When I got the voicemail on June 3rd (Jim and I’s 13th dating anniversary), I thought about listening to it during the work day, but my gut told me to wait until the end of the day because if it was bad news, I knew I wasn’t going to be able to pull myself together enough to teach for the rest of the day, and then I would have to tell everyone. I listened to the voicemail after school and then called the doctor because the voicemail only asked that I call her back. The doctor picks up and says, “Katie, I’m sorry to have to tell you this, but it’s cancer. My heart sunk. Surprisingly I didn’t cry on the phone. I hung up the phone and called Jim. The first words out of my mouth were “It’s cancer”. I couldn’t muster a “hi honey” or any pleasantries (I have since apologized for just dropping a bomb like that on him; he didn’t care about that at all.) Jim asked if we should still go out to dinner to celebrate our anniversary, I said yes. I knew I wouldn’t be able to celebrate as if things were normal, but I also didn’t know anything about the cancer I had. I thought this could be the last dating anniversary we celebrate, so yes, we’re still going out.
Next, I called my mom. She said, “how are you are you doing?” I shakily replied, “I’ve had better days.” She knew. I said, “it’s cancer.” She said she wanted to stop by on her way home from work to give me a hug. It was a pretty somber evening. When Jared and Amy were home, we went next door and I shared my bad news with them.
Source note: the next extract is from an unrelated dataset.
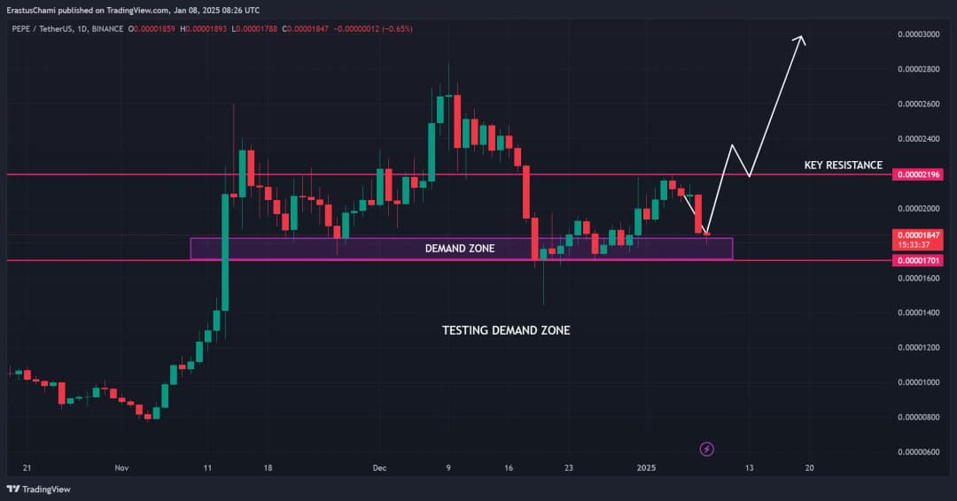حرکت قیمتی PEPE در یک نقطه حساس قرار دارد. در حال حاضر، این توکن در حال آزمایش سطوح حمایت کلیدی است و نزدیک منطقه تقاضا در حدود ۰.۰۰۰۰۱۷۰۱ دلار قرار دارد. اگر قیمت این سطح را حفظ کند، میتواند شاهد بازگشت به سمت سطح مقاومت کلیدی در ۰.۰۰۰۰۲۱۹۶ دلار باشد. با این حال، اگر فشار فروش افزایش یابد، PEPE ممکن است با کاهش قیمت مواجه شود. بنابراین، حفظ کنترل خریداران برای جلوگیری از کاهش بیشتر و اجازه به حرکت صعودی بسیار مهم است.

I knew that I still wasn’t up for calling friends and family and telling them about it, so I drafted an email and sent it out. I still remember every response that I got from friends and family. Each one made me cry. I was not ready to tell my coworkers yet, because I knew I would just lose it and not be able to pull myself together. We had three days left of school. I had report cards to do and promotion to get through. In my mind I needed to just get through the next few days. I was going to wait a little longer before “coming out”. Once I decided to share my news, I just needed to do it and get it off my chest (sorry, bad pun). Since I had known about this lump for 5 weeks, it was extremely hard not telling anyone. I felt that I was hiding a huge part of my life. I refer to this as my Cancer Coming Out. [I’m not trying to compare coming out of the closet to my struggle, but that’s what it felt like for me.] Side note: this Ted Talk about coming out does actually relate the two struggles. Great talk, highly recommended. https://youtu.be/kSR4xuU07sc
Well, there you have it, a recap of a very uneasy and scary time in my life, that began just one year ago. I’m glad to say the worst is behind me. I’m very much looking forward to all of it being behind me and soon enough it will be.